Ronnie, James’ dad, and Annette’s birth children were older, with daughter Kayla then playing basketball at Southwestern Oklahoma State while Matt, just a bit older than James, in high school. Though he bonded quickly with both, it was Matt who introduced James to his future.

“I sucked,” James said of his basketball ability. “I was clumsy.”

He had yet to sprout. That would come when he was in high school, 7 miles up U.S. 69 in Stringtown. But before then, the Watsons’ life was struck by tragedy.

Kayla was killed in an automobile accident Sept. 4, 2005, a date – and name – tattooed on Watson’s left arm. The accident changed James’ life again.

Irv Roland had attended Southwestern Oklahoma with Kayla. He worked for the New Orleans Hornets. He attended Kayla’s funeral, where he and James talked. Later, he started working with James and soon the awkward kid from the one-stop-sign town had blossomed and was hooked into the AAU system, playing basketball around the country.

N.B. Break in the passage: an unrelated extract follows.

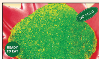
Green 12/500g Item # 30074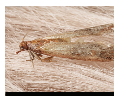
Common Clothes Moth (Tineola bisselliella)

This is currently the most important and widespread clothes moth pest throughout the world and has been present in the UK since the 1800's.

It was at a spring tournament in Denton, Texas, that WSU assistant Ron Sanchez first approached the Watsons. Within weeks, then coach Tony Bennett and Sanchez were in Atoka and Watson was headed for Pullman – to the shock of many of his classmates.

“I want to do good because I had so many haters who said I wouldn’t make it this far,” Watson said of his high school days. “I just had a lot of people put me down. I want to go as far as I can to prove everybody wrong.”

•••

Watson knows he’s on the right path. He also knows he wouldn’t be without the Watsons’ help.

Asked where he thought he would be if Annette hadn’t walked through that door, James didn’t hesitate.

“I would probably be on the streets or in jail,” he said.

Instead, during Christmas break, he found himself at the movies with his mom. They sat through the Sandra Bullock vehicle, “The Blind Side,” a story of black Baltimore Ravens offensive tackle Michael Oher and the white family that adopted him.

“My mom, she started crying,” James said. “Everything that woman tried to do for that football player, she did the same thing.”

And for the same reason.

“I thought, when I went to adopt, I could help him,” said Annette, who has also adopted a 5-year-old daughter, Charisma. “I never could imagine I could love him the same way I do my birth children. But I do. There’s no difference.”